Históricamente, siempre se ha hablado del Estado de derecho con enorme laxitud, generalmente de manera retórica, pero el discurso es importante porque tiene consecuencias, sobre todo frente a la realidad de indefinición -y frecuentemente indefensión- jurídica que afecta a todos los mexicanos. Se habla de leyes y reglamentos, pero la realidad es una de arbitrariedad permanente en su aplicación, presiones sobre los jueces y corrupción de los ministerios públicos.
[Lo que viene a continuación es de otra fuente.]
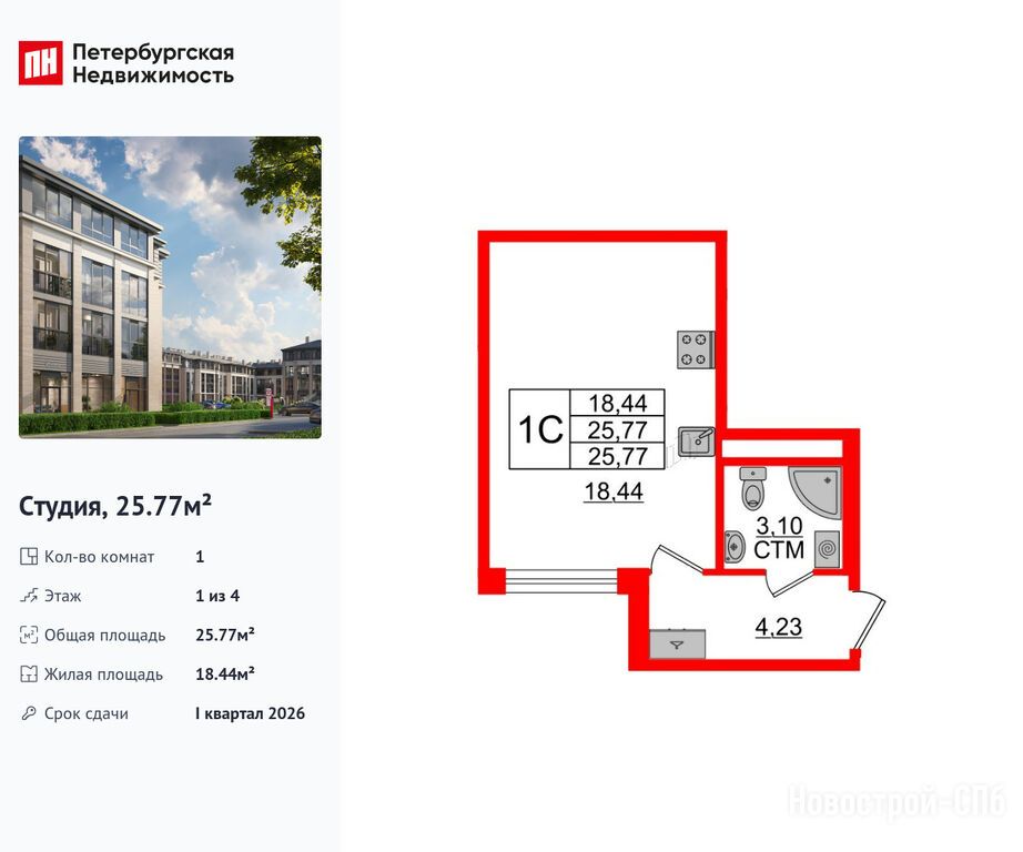 Продается студия в новостройке ЖК «Дворцовый фасад» по адресу Санкт-Петербург, Петродворцовый, Стрельна пос., проспект Будённого, 18к4. Общая площадь квартиры - 25.77 кв. м. Тип проекта, по которому построен дом — Монолитно-кирпичный, компания-застройщик — Setl Group (Сэтл Групп). Стоимость квартиры — 6 550 103 руб. Способы оплаты можно уточнить у продавца. Срок сдачи — 1 квартал 2026. Более подробная информация по телефону.

El gobierno actual no concibe a la ley como un instrumento para proteger a la ciudadanía, sino como un mecanismo para acosarla e impedir que se convierta en un factor político relevante.
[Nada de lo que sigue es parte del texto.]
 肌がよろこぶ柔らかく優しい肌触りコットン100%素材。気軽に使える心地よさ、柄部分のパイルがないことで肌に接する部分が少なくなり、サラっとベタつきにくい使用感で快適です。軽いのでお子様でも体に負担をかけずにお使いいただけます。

Cuando un presidente -en su calidad de jefe de gobierno y, sobre todo, como jefe de Estado- abandona hasta la pretensión de cumplir la ley o cuando ataca a los otros poderes públicos denominándolos traidores a la patria, la pregunta pertinente acaba siendo si él considera que su palabra o su voluntad se encuentran por encima de cualquier principio básico de convivencia social. Porque una cosa es la laxitud histórica con que se tratan estos asuntos y otra es la de eliminarlos por completo del panorama: dos mundos muy distintos.
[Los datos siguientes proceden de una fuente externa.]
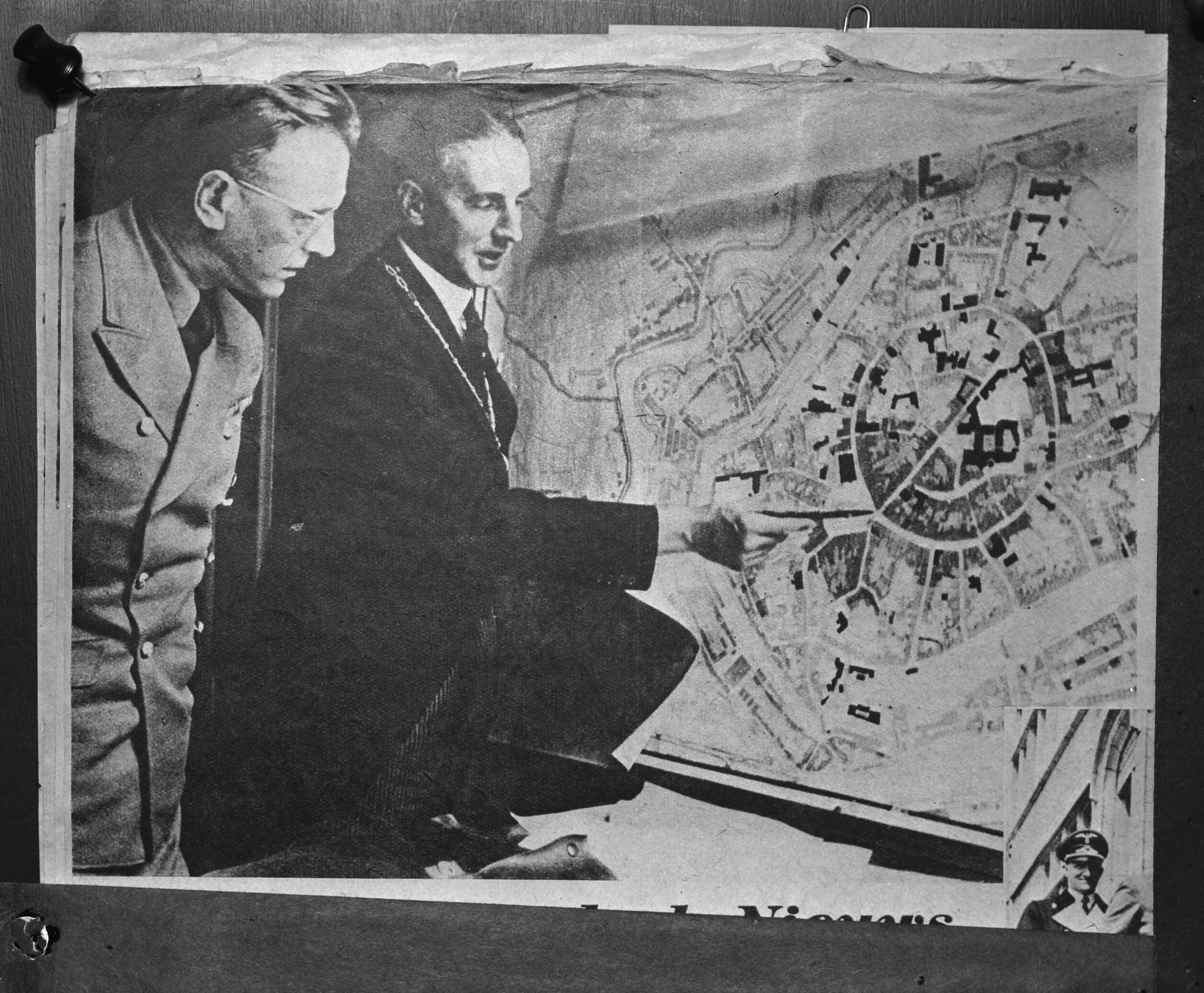 Rijkscommissaris dr. Seyss-Inquart en mr dr. J. van Walre de Bordes, burgemeester van Middelburg, bespreken reconstructieplannen voor de stad

Para la mayoría de los mexicanos, la ley y la justicia son dos entelequias que sólo sirven para abusar de ellos o para beneficiar a los ricos y poderosos, factor clave en el apoyo que recibe el presidente. Quienquiera que haya pasado por procesos judiciales sabe que éstos no están diseñados para lograr justicia “pronta y expedita” como promete la constitución, circunstancia que acerca a parte de la ciudadanía a la retórica presidencial. Sin embargo, la solución correcta sería transformar al sistema judicial para hacerlo efectivo y al servicio de toda la población por igual, sin distingo de condición económica o social.
Los políticos mexicanos siempre han cambiado las leyes para que se ajusten a sus objetivos, sin reparar en la implicación de su actuar. En lugar de fortalecer su mandato, lo diluyen, toda vez que evidencian un apego a las formas, pero un desprecio completo al Estado de derecho. AMLO ni siquiera pretende.
El principio elemental del Estado de derecho radica en la protección del ciudadano respecto al actuar arbitrario de la autoridad. Esto es, implica ante todo la protección política y jurídica de los derechos individuales y de propiedad; la existencia de un poder judicial eficiente que limite en forma efectiva el comportamiento predatorio de la autoridad y que sea accesible a toda la ciudadanía independientemente de su status socioeconómico; y la existencia de un entorno de seguridad jurídica con reglas conocidas de antemano y con la certeza de que las autoridades no emplearán el poder coercible en su contra en forma arbitraria.
En términos prácticos, el Estado de derecho implica que las leyes sean conocidas de antemano, que no se puedan modificar con facilidad y sin contrapesos efectivos y que la autoridad no emplee sus instrumentos de presión, incluyendo la amenaza de cárcel (como ahora se usa la prisión preventiva oficiosa) como medio para imponer la voluntad gubernamental sobre los derechos de los ciudadanos.
El objetivo de un régimen de legalidad es la convivencia pacífica entre los integrantes de una sociedad a fin de hacer posible el desarrollo económico y la paz social. Es claro que en nuestro país existen enormes fallas que impiden la consolidación de un Estado de derecho igual para toda la población, pero esa no es excusa para desdeñarlo, porque la alternativa es la ley de la jungla, a cuya puerta claramente estamos.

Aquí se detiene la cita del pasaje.